WARNING: inconsistent lock state
5.12.0-rc3-syzkaller #0 Not tainted
--------------------------------
inconsistent {IN-SOFTIRQ-W} -> {SOFTIRQ-ON-W} usage.
udevd/4013 [HC0[0]:SC0[0]:HE1:SE1] takes:
ff7c9dec (&(&pstats->syncp)->seq){+.?.}-{0:0}, at: sk_filter include/linux/filter.h:867 [inline]
ff7c9dec (&(&pstats->syncp)->seq){+.?.}-{0:0}, at: do_one_broadcast net/netlink/af_netlink.c:1468 [inline]
ff7c9dec (&(&pstats->syncp)->seq){+.?.}-{0:0}, at: netlink_broadcast_filtered+0x27c/0x4fc net/netlink/af_netlink.c:1520
{IN-SOFTIRQ-W} state was registered at:
  lock_acquire.part.0+0xf0/0x41c kernel/locking/lockdep.c:5510
  lock_acquire+0x6c/0x74 kernel/locking/lockdep.c:5483
  do_write_seqcount_begin_nested include/linux/seqlock.h:520 [inline]
  do_write_seqcount_begin include/linux/seqlock.h:545 [inline]
  u64_stats_update_begin include/linux/u64_stats_sync.h:129 [inline]
  bpf_prog_run_pin_on_cpu include/linux/filter.h:624 [inline]

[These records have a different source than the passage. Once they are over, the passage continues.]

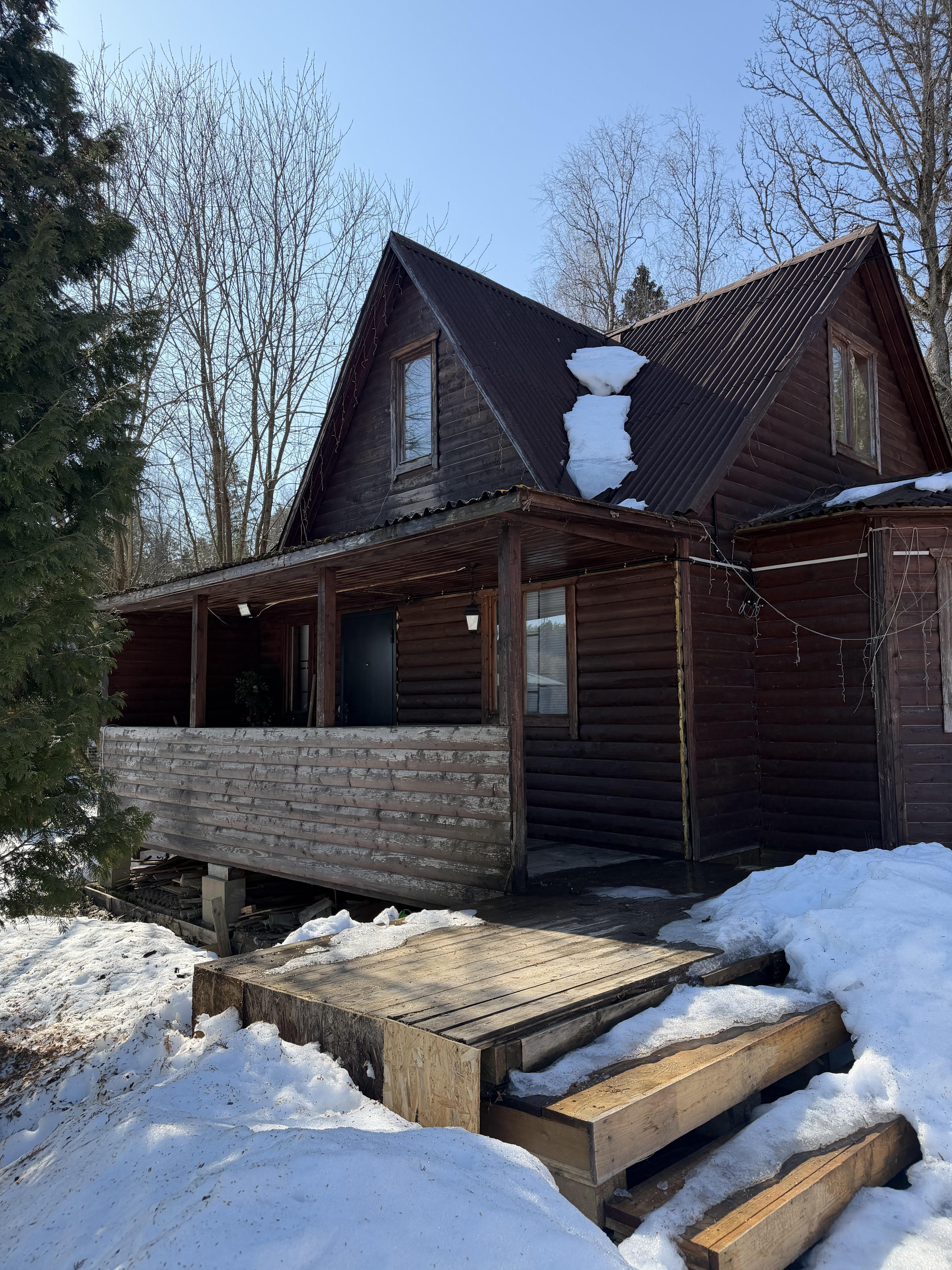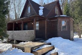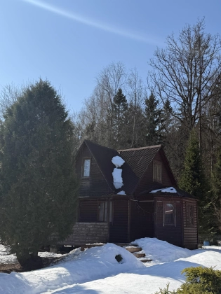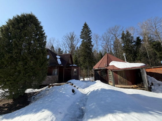 Основной дом подходит для круглогодичного проживания. Есть электрическое отопление, вода в доме (скважина), канализация (септик). Имеется открытая веранда. В доме на первом этаже прихожая, большая гостиная студия, совмещает кухню и гостиную, ванная комната (душевая кабина, туалет). На втором этаже просторная комната, балкон с потрясающим видом на лес.
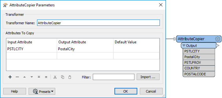 Note how both PSTLCITY and PostalCity exist on the output of the transformer, proving that it is copying the attribute rather than renaming it.
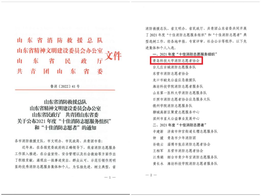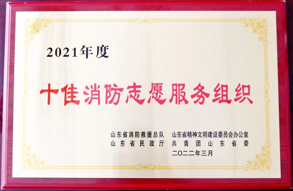 日前,由山东省消防救援总队、山东省精神文明建设委员会办公室、山东省民政厅、共青团山东省委联合开展的全省消防志愿服务典型选树工作中,我校保卫处指导的消防志愿者协会经单位申请、专家评审、社会公示等环节,以全省排名第一的成绩,荣获“2021年度十佳消防志愿服务组织”称号。

  bpf_prog_run_clear_cb+0x1bc/0x270 include/linux/filter.h:755
  run_filter+0xa0/0x17c net/packet/af_packet.c:2031
  packet_rcv+0xc0/0x3e0 net/packet/af_packet.c:2104
  dev_queue_xmit_nit+0x2bc/0x39c net/core/dev.c:2387
  xmit_one net/core/dev.c:3588 [inline]
  dev_hard_start_xmit+0x94/0x518 net/core/dev.c:3609
  sch_direct_xmit+0x11c/0x1f0 net/sched/sch_generic.c:313
  qdisc_restart net/sched/sch_generic.c:376 [inline]
  __qdisc_run+0x194/0x7f8 net/sched/sch_generic.c:384
  qdisc_run include/net/pkt_sched.h:136 [inline]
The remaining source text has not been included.